С этими словами Елена покидает комнату, а через пару минут с улицы раздается рычание мотоцикла.





— Скажи, что мы не поедем искать баб, — недовольно мычит Аларик, сев за барную стойку рядом с Деймоном, и переводит на него усталые глаза. — Я в говно был вчера, мне нельзя бухать сильно, иначе совсем развезет, и я работать не смогу.

— Не парься, — к ним подходит официант, и Сальваторе мямлит, явно с трудом произнося слова, — мохито безалкогольный, пожалуйста. И апельсинового сока этому пьянице. Можно сразу графинами, чтобы не таскать по несколько раз. Мы здесь надолго.

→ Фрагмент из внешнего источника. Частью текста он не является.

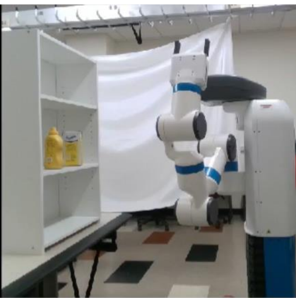
(a) A shelf grasping scene
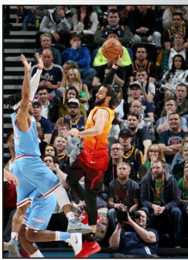
Ricky Rubio #3 of the Utah Jazz passes the ball against the Sacramento Kings on March 17, 2018 at vivint.SmartHome Arena in Salt Lake City, Utah.

De'Aaron Fox made a free throw and dunked off a pass from Garrett Temple to rally the Kings into a 94-all tie with 1:11 remaining. But Joe Ingles, Rubio and Gobert each made two free throws to make it 100-94 with
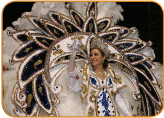
Mardi Gras Queen

* To request any pictured images or additional images of Jefferson for media use, please visit our website’s video/photo tour section at www.experiencejefferson.com/media/photos/
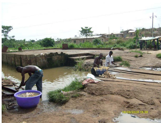
Figure 5: Surface water pollution at a Public Abattoir

b WHO acceptable level for Groundwater quality
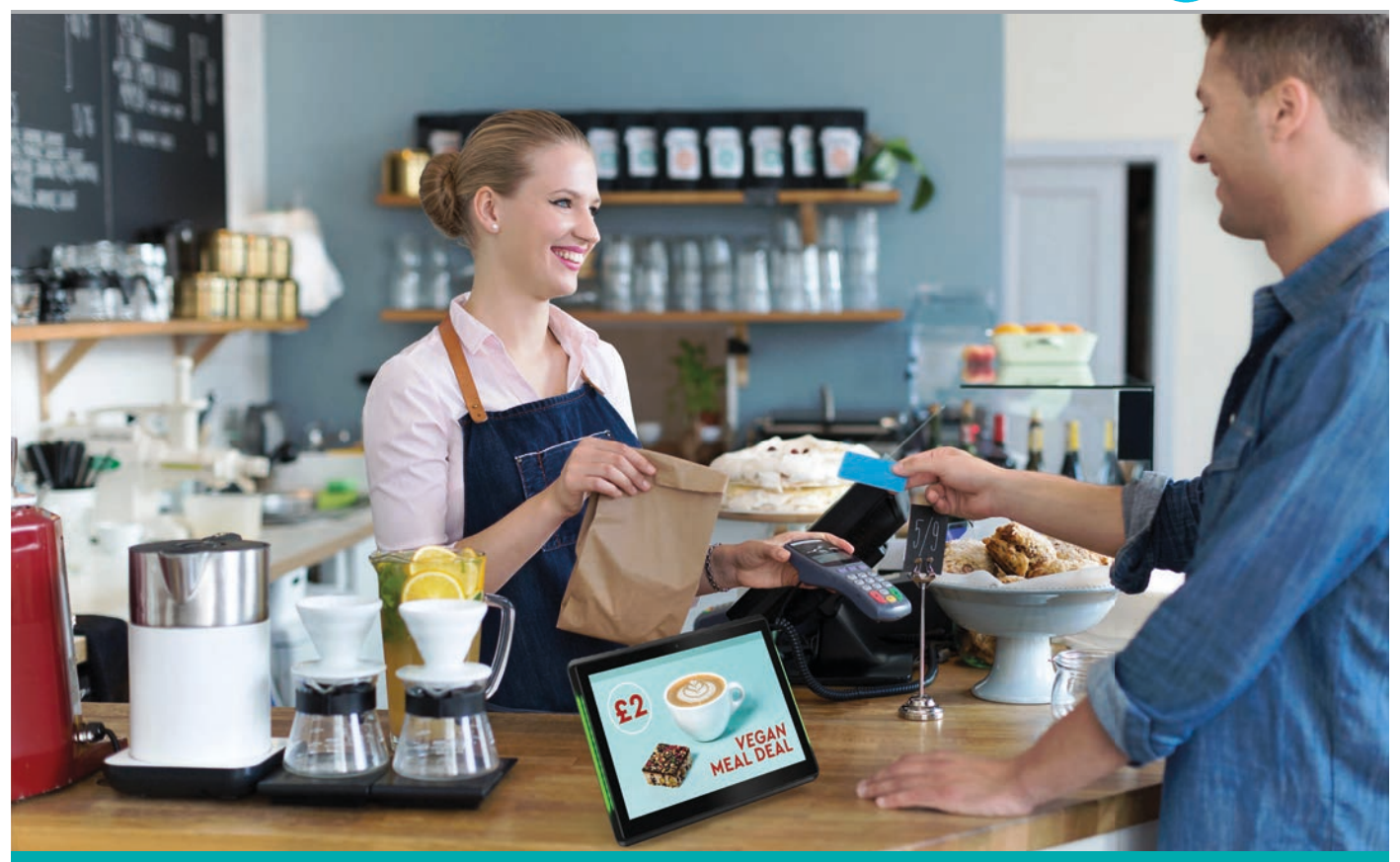
Tablet-sized commercial displays for retail shelf edge and point of sale applications

— Прошу прощения, — он изумленно вскидывает брови и пристально смотрит на них, — Вы сказали безалкогольный мохито и сок?

— Ушки мыл с утра, умница. А сейчас шевели булками и неси заказ, а не то я прямо тобой протру эту пыльную барную стойку. Че она такая мутная? Такое ощущение, что на ней трахаются в старой одежде минимум раз в час.

— Я-я-я…

— Вспомнить детскую рифму? Нет? Тогда давай живее, иначе вообще без чаевых останешься, хотя ты к этому и так очень близок, — официант скрывается, и Деймон роняет голову на сложенные на стойке руки, глубоко выдохнув.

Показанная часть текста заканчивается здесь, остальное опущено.